O governo enfrenta um dilema que pode custar caro: insistir na PEC 27, mesmo com a resistência crescente de trabalhadores e aliados. Centrais sindicais têm se manifestado publicamente contra a medida, classificando-a como prejudicial à classe trabalhadora. Essa tensão não é apenas uma questão de discurso; ela reflete uma fratura real na base que sustenta o governo.
O problema se agrava com a relação instável entre o governo e o Senado, evidenciada pela recente derrota em uma votação crucial liderada por Davi Alcolumbre, que expôs um desgaste político significativo. Esse cenário pode dificultar ainda mais a aprovação de pautas importantes, especialmente em um contexto de críticas crescentes à eficácia do programa Desenrola. Prometendo aliviar o endividamento popular, o programa tem gerado mais dúvidas do que confiança entre a população.

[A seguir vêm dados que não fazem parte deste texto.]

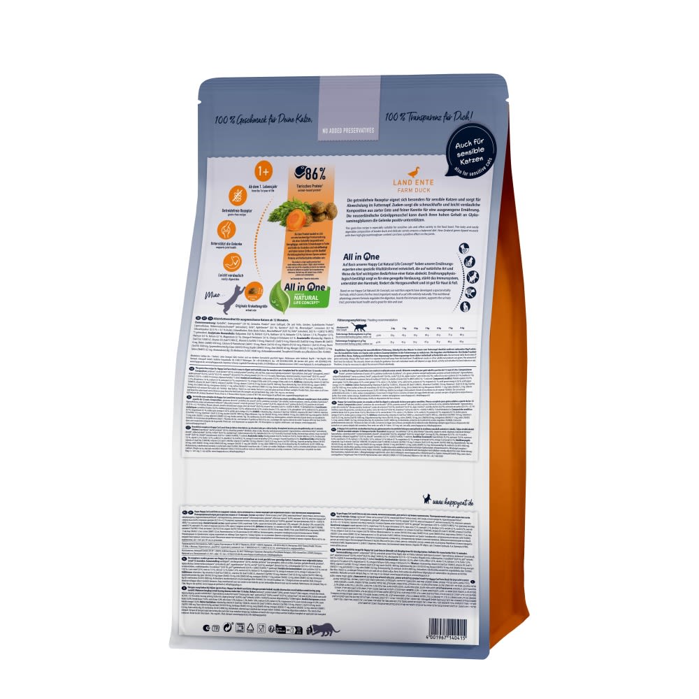 Některé kočky reagují alergicky nebo intolerancí na obiloviny v krmivu. Vaše domácí kočka si může bez obav vychutnávat suché krmivo pro kočky bez obilovin, jako je naše snadno stravitelné krmivo Happy Cat Culinary Adult Land-Ente.Složení krmiva Happy Cat Culinary Adult Land-Ente nabízí vaší kočce vše, co potřebuje pro přirozenou a druhově vhodnou stravu. Naše chutná receptura bez obilovin s křehkou kachnou a jemnou mrkví je snadno stravitelná a podporuje celkovou pohodu vašeho chlupatého přítele.

A PEC 27 é apresentada como indispensável para a estabilidade fiscal, mas a narrativa não convence a todos. Do lado dos trabalhadores, o sentimento é de traição, enquanto aliados políticos enxergam uma falta de articulação que pode enfraquecer o governo como um todo. O risco de desmobilização popular é real, e a história mostra que isso abre caminho para a oposição conservadora.
O governo ainda pode tentar ajustes, mas o tempo joga contra. Se não houver um esforço claro para reaproximar sua base, tanto no campo político quanto no social, o isolamento tende a crescer. O preço disso será pago nas ruas e no Congresso, onde a governabilidade já começa a ser questionada.
O Brasil possui uma tradição de ciclos políticos que se rompem quando a base popular se sente desamparada, e a PEC 27 pode ser o gatilho para um desses momentos. Diante disso, o governo enfrenta a decisão de persistir no caminho atual ou buscar alternativas que restabeleçam a conexão com a maioria que o elegeu. O futuro político do país pode depender diretamente dessa escolha.